:: What this task involves ::
A copy of the listing below is needed, exact in every line and without images.

:: Exercise data ::
————————

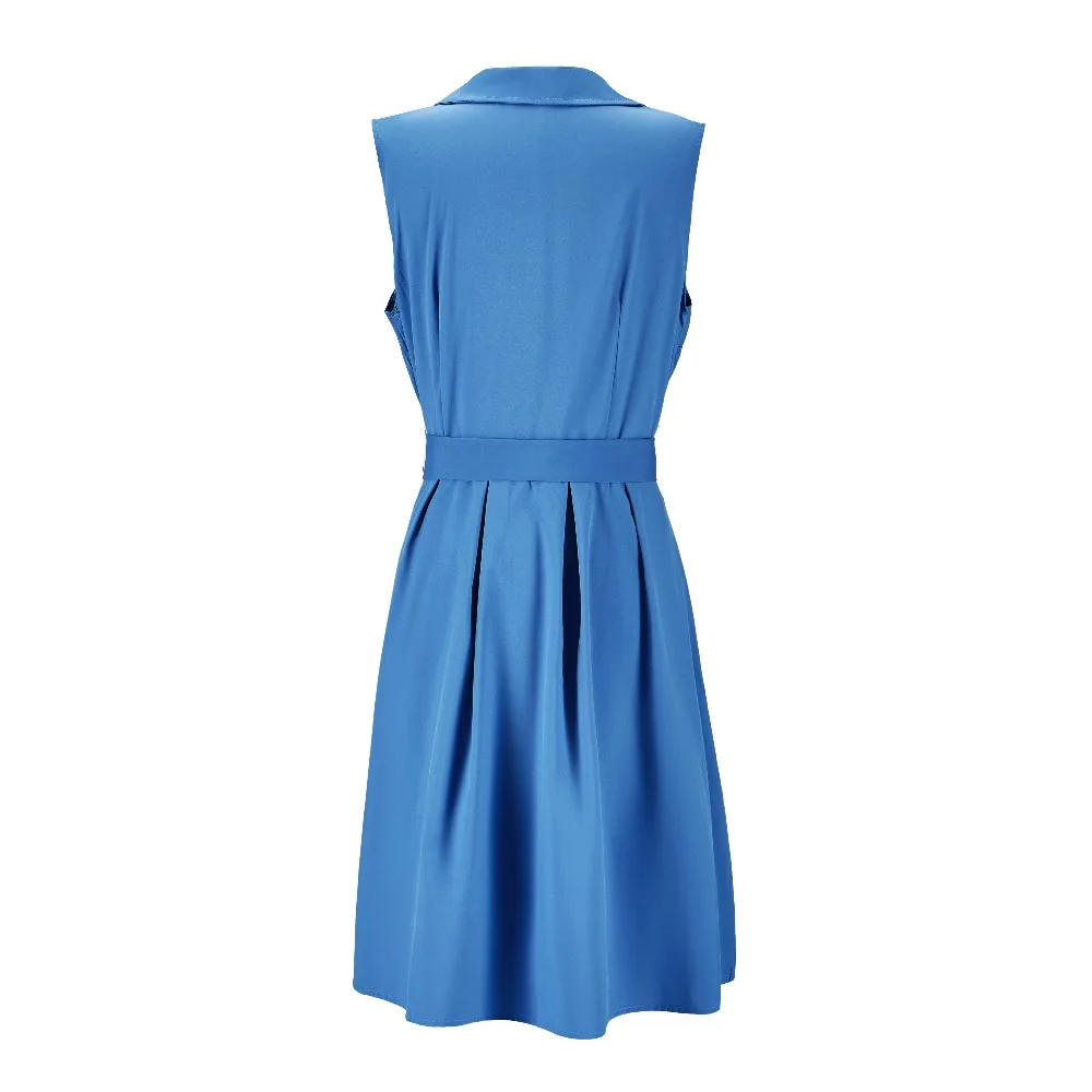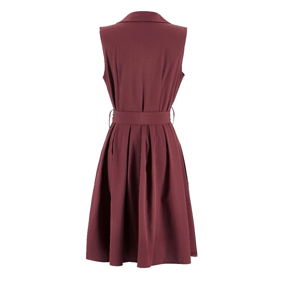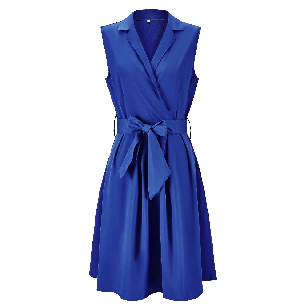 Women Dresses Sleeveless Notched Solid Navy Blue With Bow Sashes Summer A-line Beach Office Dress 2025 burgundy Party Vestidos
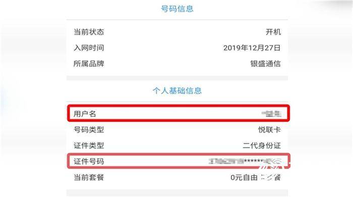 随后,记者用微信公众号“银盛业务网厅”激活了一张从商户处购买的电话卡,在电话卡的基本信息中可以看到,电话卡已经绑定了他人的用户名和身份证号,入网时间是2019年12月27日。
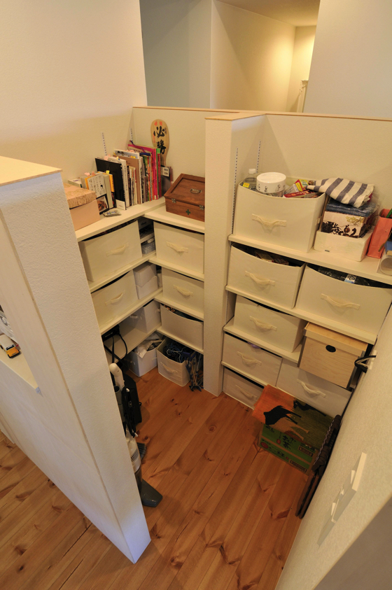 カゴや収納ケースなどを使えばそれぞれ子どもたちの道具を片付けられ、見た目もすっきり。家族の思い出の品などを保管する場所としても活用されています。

————————

:: Written answer ::
 Women Dresses Sleeveless Notched Solid Navy Blue With Bow Sashes Summer A-line Beach Office Dress 2025 burgundy Party Vestidos
 随后,记者用微信公众号“银盛业务网厅”激活了一张从商户处购买的电话卡,在电话卡的基本信息中可以看到,电话卡已经绑定了他人的用户名和身份证号,入网时间是2019年12月27日。
 カゴや収納ケースなどを使えばそれぞれ子どもたちの道具を片付けられ、見た目もすっきり。家族の思い出の品などを保管する場所としても活用されています。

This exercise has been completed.